In 1793, a British navigator gifted six cows and a bull to King Kamehameha on Hawaii Island, also called Big Island. The king protected them and let them run wild and multiply. As they became a 1500-pound invasive species, they rampaged through villages, eating the thatched roofs off homes, trampling crops, injuring people — and no one knew what to do.
In the early 1800s, the king heard about the Mexican vaquero, or cowboy, and invited some to Hawaii. They taught Hawaiians how to handle horses — also new to Hawaii — and how to rope, herd, breed, fence and slaughter cattle.
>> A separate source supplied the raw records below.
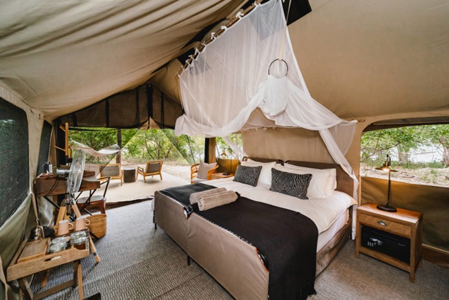 Days here move at river pace. You might start with a bush walk, shoes soaked in dew as your guide points out lion tracks pressed into the sand. Later, take a slow drift by boat past nesting bee-eaters, or just watch the light shift across the water from your tent’s shaded deck. There is time for listening, for learning the language of the river: the warning bark of a baboon, the steady buzz of cicadas, the faint splash of a distant fish eagle diving for its breakfast.
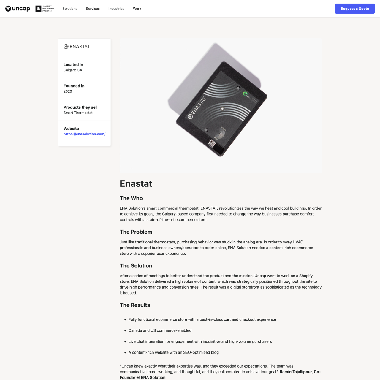 ENa Solution's Shopify store revolutionized the way businesses purchase smart thermostats by offering a high-performance, content-rich platform. Uncap designed a digital storefront that matched the sophistication of the technology it housed, featuring a best-in-class cart and checkout experience. The result was a seamless, user-friendly platform that boosted conversion rates and engagement. The store was fully functional, enabled commerce in Canada and the US, and included live chat for customer interaction. Ramin Tajallipour, Co-Founder at ENA Solution, praised the team's expertise and ability to deliver a solution that exceeded expectations.
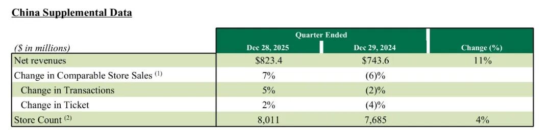 星巴克的国际市场同店销售额增长了5%。中国作为星巴克的第二大市场,同店销售额增长了7%;该季度收入为8.234亿美元,同比增长11%。2025年11月,星巴克宣布计划与博裕资本成立合资企业,在中国开展业务。
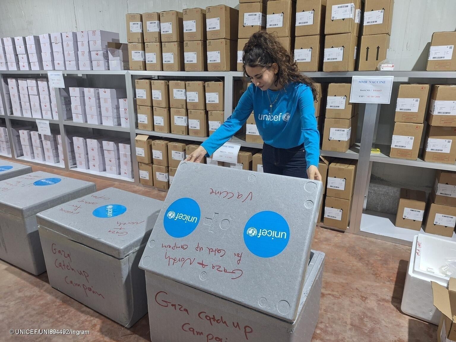 3回にわたるキャンペーンに向け、ユニセフはガザ地区に、11の感染症に対するワクチン(混合ワクチンを含む)、注射器、コールドチェーン(低温物流システム)機材、栄養補給物資を搬入しました。ユニセフは他国連機関やパレスチナ保健省と共に、ガザ地区全域の子どもに予防接種を実施するため、接種担当者や現地で啓発活動を行う人々を支援する詳細な計画を策定しています。予防接種は、ガザ地区全域で149カ所の保健医療施設と10台の巡回車両を通じて行います。さらにはパートナーなどと共に予防接種の実施を担う450人以上の保健員とスタッフの研修を行い、15カ所の保健医療拠点の復旧にも取り組んでいます。
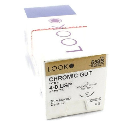 Look Sutures Chromic Gut, 4-0, 18" Length, C6 Needle 12/Box #558B
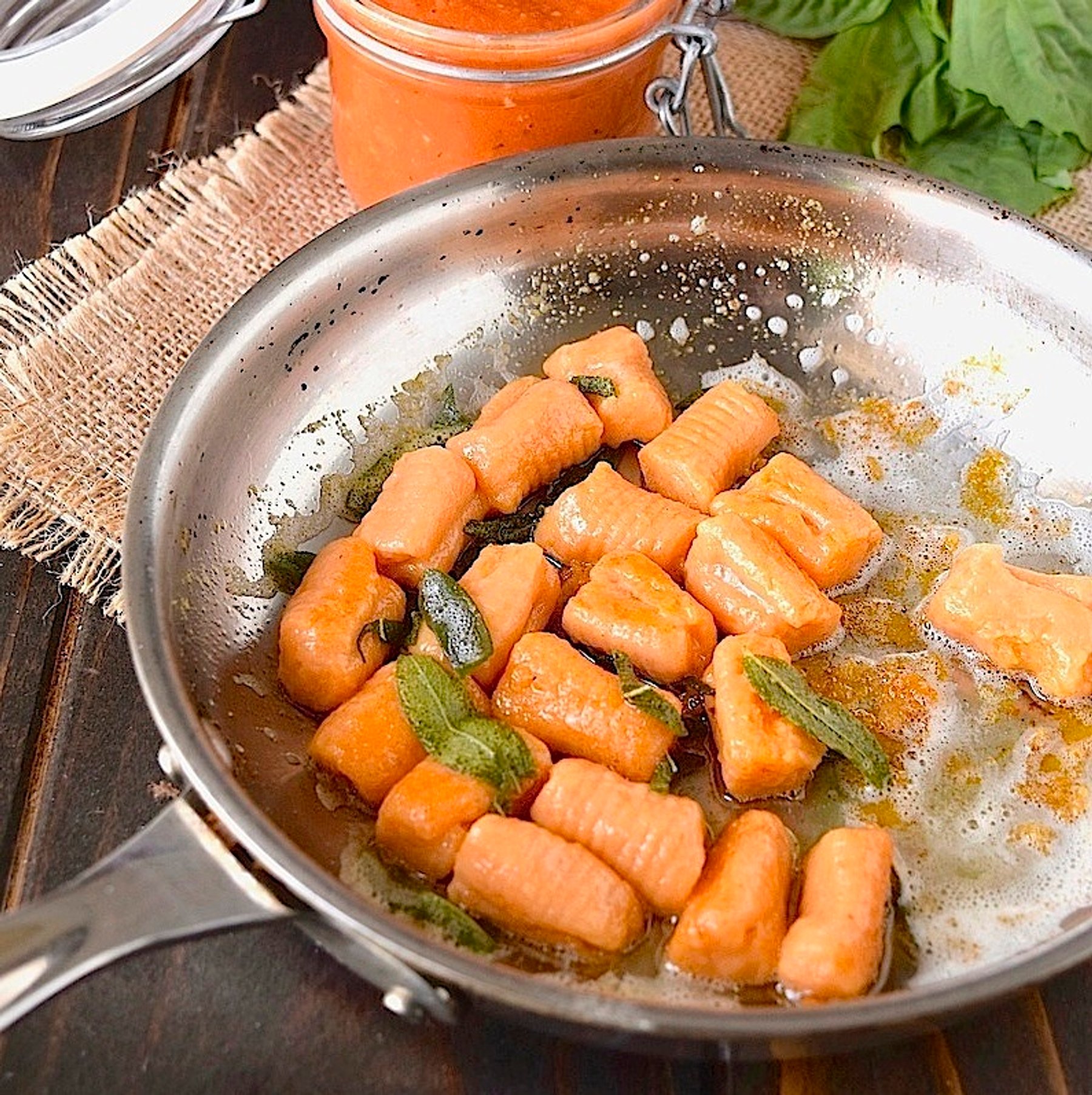 Sweet soft potato pillows with ricotta and hint of nutmeg, served in a sage butter. These gnocchi are the perfect comfort food.
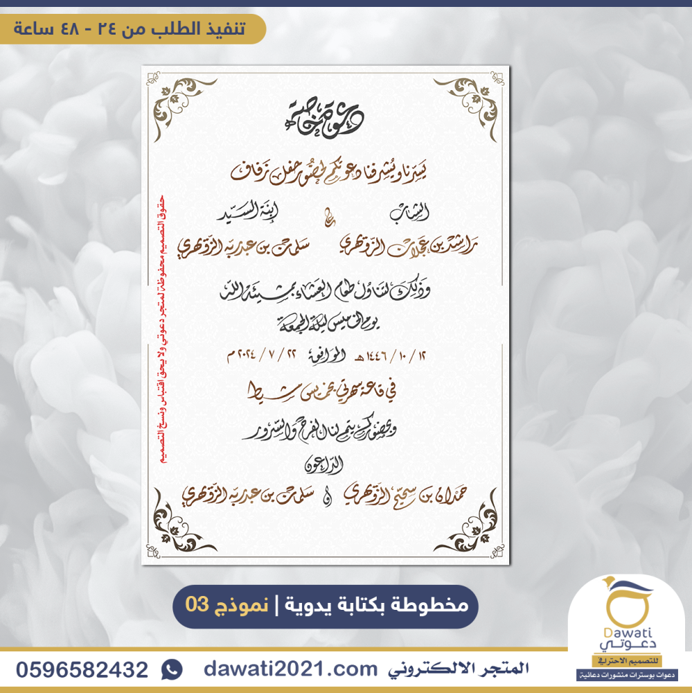 - السعر ثابت وغير قابل للتفاوض ( مع العلم يتوفر بالمتجر دعوات عادية بدون مخطوطة من 50 ريال)

The Hawaiian beef industry was born.
The Hawaiian word for cowboy is “paniolo.” Because the Hawaiian language has no “s,” that’s how they pronounce “español.” I can see Mexican influence at the local rodeo I go to every year in the boots, bits, bridles, spurs and ornate hand-tooled saddles, which derive from early Mexican designs. Many Mexican Hawaiians, descendants of those early paniolo, still are proud ranchers.
Mexicans kept coming in small numbers. Armando Rodriguez and his wife Karina came to stay because Hawaii Island still has room for small family farmers who love to feel their hands in the dirt.
From paniolo ranchers to farmers like the Rodriguez family, Mexicans have contributed to Hawaii’s culture and economy. But now we are plagued by a new invasive species ruining crops and harassing people: ICE! The ICE species doesn’t care — it cannot be corralled or tamed. Eradication is the only alternative, and we’re working on it!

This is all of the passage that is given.